## Task material

#####

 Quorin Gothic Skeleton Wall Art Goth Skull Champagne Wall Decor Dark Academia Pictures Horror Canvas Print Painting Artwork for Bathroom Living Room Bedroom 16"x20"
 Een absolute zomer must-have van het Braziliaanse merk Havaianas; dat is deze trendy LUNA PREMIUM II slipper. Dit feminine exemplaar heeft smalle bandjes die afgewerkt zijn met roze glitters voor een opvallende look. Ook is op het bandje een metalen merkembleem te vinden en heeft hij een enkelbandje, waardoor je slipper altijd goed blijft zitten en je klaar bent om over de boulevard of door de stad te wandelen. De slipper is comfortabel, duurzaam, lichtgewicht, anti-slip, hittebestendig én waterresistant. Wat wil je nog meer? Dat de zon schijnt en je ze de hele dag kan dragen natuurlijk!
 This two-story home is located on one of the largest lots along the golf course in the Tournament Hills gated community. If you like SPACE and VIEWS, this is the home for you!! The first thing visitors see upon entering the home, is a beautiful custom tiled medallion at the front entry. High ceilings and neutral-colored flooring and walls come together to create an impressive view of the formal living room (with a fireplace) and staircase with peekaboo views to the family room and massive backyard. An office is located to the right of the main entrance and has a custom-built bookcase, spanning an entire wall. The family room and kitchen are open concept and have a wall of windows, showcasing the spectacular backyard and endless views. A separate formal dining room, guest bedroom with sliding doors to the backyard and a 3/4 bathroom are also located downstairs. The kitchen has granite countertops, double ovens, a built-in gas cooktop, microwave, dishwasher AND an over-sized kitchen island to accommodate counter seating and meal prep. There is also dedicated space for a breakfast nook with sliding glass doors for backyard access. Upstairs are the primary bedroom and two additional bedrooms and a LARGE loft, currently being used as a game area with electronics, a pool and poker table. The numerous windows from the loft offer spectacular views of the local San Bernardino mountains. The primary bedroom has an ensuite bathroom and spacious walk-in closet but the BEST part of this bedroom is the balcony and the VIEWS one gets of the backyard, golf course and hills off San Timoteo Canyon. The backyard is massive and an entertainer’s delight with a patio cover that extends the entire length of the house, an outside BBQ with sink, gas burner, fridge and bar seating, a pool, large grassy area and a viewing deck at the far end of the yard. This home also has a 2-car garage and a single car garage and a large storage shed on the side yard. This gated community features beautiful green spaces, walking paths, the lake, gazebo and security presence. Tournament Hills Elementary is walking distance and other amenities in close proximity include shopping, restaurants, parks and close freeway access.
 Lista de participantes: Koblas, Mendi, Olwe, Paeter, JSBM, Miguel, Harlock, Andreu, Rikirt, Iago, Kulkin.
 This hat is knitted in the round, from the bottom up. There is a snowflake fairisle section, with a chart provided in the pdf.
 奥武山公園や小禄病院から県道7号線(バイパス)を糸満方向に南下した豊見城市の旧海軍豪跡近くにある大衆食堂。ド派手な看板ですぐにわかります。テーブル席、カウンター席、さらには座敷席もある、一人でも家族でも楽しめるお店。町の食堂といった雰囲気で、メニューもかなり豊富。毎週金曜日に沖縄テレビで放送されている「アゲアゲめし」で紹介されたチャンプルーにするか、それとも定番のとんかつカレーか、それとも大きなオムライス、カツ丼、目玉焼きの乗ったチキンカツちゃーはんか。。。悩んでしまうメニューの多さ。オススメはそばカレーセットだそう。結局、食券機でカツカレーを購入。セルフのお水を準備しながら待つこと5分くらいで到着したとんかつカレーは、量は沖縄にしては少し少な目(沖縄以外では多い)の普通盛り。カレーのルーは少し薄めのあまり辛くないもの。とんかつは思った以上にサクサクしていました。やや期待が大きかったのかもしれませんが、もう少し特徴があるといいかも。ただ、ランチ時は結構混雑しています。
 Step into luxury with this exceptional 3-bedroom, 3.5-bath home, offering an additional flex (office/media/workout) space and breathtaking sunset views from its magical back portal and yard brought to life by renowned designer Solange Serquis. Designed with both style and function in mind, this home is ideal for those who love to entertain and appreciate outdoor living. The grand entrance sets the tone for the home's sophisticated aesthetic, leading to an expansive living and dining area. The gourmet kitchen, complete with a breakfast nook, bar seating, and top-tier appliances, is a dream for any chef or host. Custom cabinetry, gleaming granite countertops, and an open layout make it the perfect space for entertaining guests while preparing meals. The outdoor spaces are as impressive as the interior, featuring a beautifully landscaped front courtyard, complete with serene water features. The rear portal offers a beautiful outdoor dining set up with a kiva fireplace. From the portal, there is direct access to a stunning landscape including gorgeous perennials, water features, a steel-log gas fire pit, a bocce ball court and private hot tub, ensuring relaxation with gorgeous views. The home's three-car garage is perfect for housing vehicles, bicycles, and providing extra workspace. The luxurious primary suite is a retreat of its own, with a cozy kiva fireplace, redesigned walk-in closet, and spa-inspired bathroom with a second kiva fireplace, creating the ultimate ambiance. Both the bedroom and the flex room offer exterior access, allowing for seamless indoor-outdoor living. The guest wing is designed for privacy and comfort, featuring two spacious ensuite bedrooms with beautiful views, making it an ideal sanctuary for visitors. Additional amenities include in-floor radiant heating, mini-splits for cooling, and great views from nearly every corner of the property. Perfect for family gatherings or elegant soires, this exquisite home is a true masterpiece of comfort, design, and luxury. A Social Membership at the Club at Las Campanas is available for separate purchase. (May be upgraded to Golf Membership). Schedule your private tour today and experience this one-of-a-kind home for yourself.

#####

## Problem
Would you write out the whole listing word for word?

## Task solution
 Quorin Gothic Skeleton Wall Art Goth Skull Champagne Wall Decor Dark Academia Pictures Horror Canvas Print Painting Artwork for Bathroom Living Room Bedroom 16"x20"
 Een absolute zomer must-have van het Braziliaanse merk Havaianas; dat is deze trendy LUNA PREMIUM II slipper. Dit feminine exemplaar heeft smalle bandjes die afgewerkt zijn met roze glitters voor een opvallende look. Ook is op het bandje een metalen merkembleem te vinden en heeft hij een enkelbandje, waardoor je slipper altijd goed blijft zitten en je klaar bent om over de boulevard of door de stad te wandelen. De slipper is comfortabel, duurzaam, lichtgewicht, anti-slip, hittebestendig én waterresistant. Wat wil je nog meer? Dat de zon schijnt en je ze de hele dag kan dragen natuurlijk!
 This two-story home is located on one of the largest lots along the golf course in the Tournament Hills gated community. If you like SPACE and VIEWS, this is the home for you!! The first thing visitors see upon entering the home, is a beautiful custom tiled medallion at the front entry. High ceilings and neutral-colored flooring and walls come together to create an impressive view of the formal living room (with a fireplace) and staircase with peekaboo views to the family room and massive backyard. An office is located to the right of the main entrance and has a custom-built bookcase, spanning an entire wall. The family room and kitchen are open concept and have a wall of windows, showcasing the spectacular backyard and endless views. A separate formal dining room, guest bedroom with sliding doors to the backyard and a 3/4 bathroom are also located downstairs. The kitchen has granite countertops, double ovens, a built-in gas cooktop, microwave, dishwasher AND an over-sized kitchen island to accommodate counter seating and meal prep. There is also dedicated space for a breakfast nook with sliding glass doors for backyard access. Upstairs are the primary bedroom and two additional bedrooms and a LARGE loft, currently being used as a game area with electronics, a pool and poker table. The numerous windows from the loft offer spectacular views of the local San Bernardino mountains. The primary bedroom has an ensuite bathroom and spacious walk-in closet but the BEST part of this bedroom is the balcony and the VIEWS one gets of the backyard, golf course and hills off San Timoteo Canyon. The backyard is massive and an entertainer’s delight with a patio cover that extends the entire length of the house, an outside BBQ with sink, gas burner, fridge and bar seating, a pool, large grassy area and a viewing deck at the far end of the yard. This home also has a 2-car garage and a single car garage and a large storage shed on the side yard. This gated community features beautiful green spaces, walking paths, the lake, gazebo and security presence. Tournament Hills Elementary is walking distance and other amenities in close proximity include shopping, restaurants, parks and close freeway access.
 Lista de participantes: Koblas, Mendi, Olwe, Paeter, JSBM, Miguel, Harlock, Andreu, Rikirt, Iago, Kulkin.
 This hat is knitted in the round, from the bottom up. There is a snowflake fairisle section, with a chart provided in the pdf.
 奥武山公園や小禄病院から県道7号線(バイパス)を糸満方向に南下した豊見城市の旧海軍豪跡近くにある大衆食堂。ド派手な看板ですぐにわかります。テーブル席、カウンター席、さらには座敷席もある、一人でも家族でも楽しめるお店。町の食堂といった雰囲気で、メニューもかなり豊富。毎週金曜日に沖縄テレビで放送されている「アゲアゲめし」で紹介されたチャンプルーにするか、それとも定番のとんかつカレーか、それとも大きなオムライス、カツ丼、目玉焼きの乗ったチキンカツちゃーはんか。。。悩んでしまうメニューの多さ。オススメはそばカレーセットだそう。結局、食券機でカツカレーを購入。セルフのお水を準備しながら待つこと5分くらいで到着したとんかつカレーは、量は沖縄にしては少し少な目(沖縄以外では多い)の普通盛り。カレーのルーは少し薄めのあまり辛くないもの。とんかつは思った以上にサクサクしていました。やや期待が大きかったのかもしれませんが、もう少し特徴があるといいかも。ただ、ランチ時は結構混雑しています。
 Step into luxury with this exceptional 3-bedroom, 3.5-bath home, offering an additional flex (office/media/workout) space and breathtaking sunset views from its magical back portal and yard brought to life by renowned designer Solange Serquis. Designed with both style and function in mind, this home is ideal for those who love to entertain and appreciate outdoor living. The grand entrance sets the tone for the home's sophisticated aesthetic, leading to an expansive living and dining area. The gourmet kitchen, complete with a breakfast nook, bar seating, and top-tier appliances, is a dream for any chef or host. Custom cabinetry, gleaming granite countertops, and an open layout make it the perfect space for entertaining guests while preparing meals. The outdoor spaces are as impressive as the interior, featuring a beautifully landscaped front courtyard, complete with serene water features. The rear portal offers a beautiful outdoor dining set up with a kiva fireplace. From the portal, there is direct access to a stunning landscape including gorgeous perennials, water features, a steel-log gas fire pit, a bocce ball court and private hot tub, ensuring relaxation with gorgeous views. The home's three-car garage is perfect for housing vehicles, bicycles, and providing extra workspace. The luxurious primary suite is a retreat of its own, with a cozy kiva fireplace, redesigned walk-in closet, and spa-inspired bathroom with a second kiva fireplace, creating the ultimate ambiance. Both the bedroom and the flex room offer exterior access, allowing for seamless indoor-outdoor living. The guest wing is designed for privacy and comfort, featuring two spacious ensuite bedrooms with beautiful views, making it an ideal sanctuary for visitors. Additional amenities include in-floor radiant heating, mini-splits for cooling, and great views from nearly every corner of the property. Perfect for family gatherings or elegant soires, this exquisite home is a true masterpiece of comfort, design, and luxury. A Social Membership at the Club at Las Campanas is available for separate purchase. (May be upgraded to Golf Membership). Schedule your private tour today and experience this one-of-a-kind home for yourself.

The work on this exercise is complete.